MEGAN McARDLE: Donald Trump, while scary, is no 'fascist'
Slate's chief political correspondent, Jamelle Bouie, wrote a column last month headlined "Donald Trump is a Fascist." New York Times columnist Ross Douthat asked last week, "Is Donald Trump a Fascist?" Let's keep digging.
Douthat highlights the uncomfortable similarities between Trump's style and the hallmarks of fascism laid out by Umberto Eco: "a cult of action, a celebration of aggressive masculinity, an intolerance of criticism, a fear of difference and outsiders, a pitch to the frustrations of the lower middle class, an intense nationalism and resentment at national humiliation, and a 'popular elitism' that promises every citizen that they're part of 'the best people of the world.'"
To that I'd add a kind of opportunistic -- his supporters would probably say "pragmatic" -- approach to economic policy (rather than ideological).
Trump's economic policy isn't really a policy; it consists of claiming magical abilities to reclaim the jobs that foreigners have stolen from us, and a ritual genuflection toward lower taxes. All politics contains some element of this, of course: Just listen to the Democratic debaters on stage claiming that bankers nearly single-handedly destroyed the American economy, and that ambitious programs can be financed largely by raising taxes on a tiny group of ultrawealthy people. But this is combined with some vision of what the economy should look like, resting on moral and empirical premises about fairness, justice, opportunity and equality. Trump's argument is pretty much entirely "strangers stole your stuff, and I'm going to make them give it back, or at least keep them from stealing any more."
Should we hunker down for America's version of Mussolini/Hitler-style fascism, a la "It Can't Happen Here"? Not quite. Douthat wrote a second column, pointing out the ways in which Trump is different from typical fascist leaders. Classical fascism is obsessed with tradition and secret knowledge, which feels backward in our modernist, diverse country.
The more important distinction, to my mind, is that Trump doesn't have an organization so much as a mood.

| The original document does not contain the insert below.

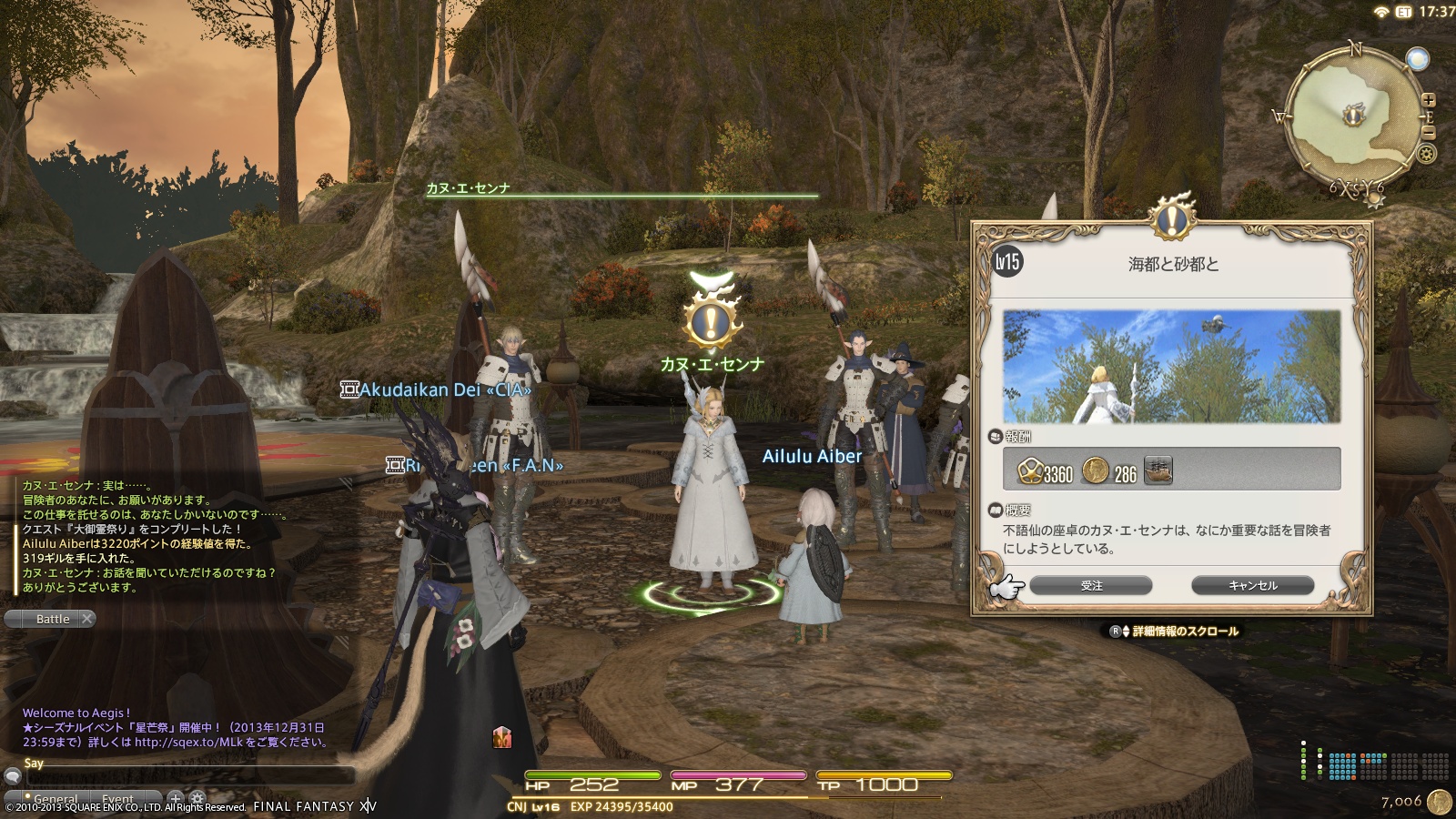 まァ、正確には受けてないサブクエストが黒衣森に残ってるのですが、Lv.20~30くらいのもの。

Actual fascists, let us remember, were born out of a brutal world war that resulted in territorial losses and left a lot of demobilized soldiers running around with dim economic prospects. Whatever your opinions on the war on terror, it is not the same scale as World War I, and it has certainly not left the U.S. in the kind of parlous condition in which Hitler and Mussolini were able to grow smaller radical groups into national mass movements. Trump himself doesn't have that kind of dedication to his cause; just try to imagine him leading a coup, landing in jail, angrily penning "The Art of the Struggle."
Implausible. Trump has far too much to lose, and too little to gain, to embrace truly revolutionary fervor.
I rank the odds of a Trump presidency somewhere below the odds of my winning the lottery. But even if such an unlikely event were to occur, the dark night of fascism would not descend, because American institutions are built to withstand a terrible president. Congress would retain control of the power of the purse, and Trump wouldn't get much done without it. Courts would not allow him to wantonly step on civil liberties, and if he ordered the military to invade Mexico without congressional authorization, or the FBI to arrest his political enemies, they would refuse those orders.
It's good cocktail-party fun to establish the extent to which Donald Trump's pseudo-ideology may, or may not, resemble the fascist movements of the 20th century. But this is just a superficial likeness, lacking the ingredients for fascist terror.
Trump won't "make America great again." But he also won't destroy the country. Though, of course, he may yet destroy the Republican chances to win the White House in 2016.
Megan McArdle, a Bloomberg View columnist, writes on economics, business and public policy.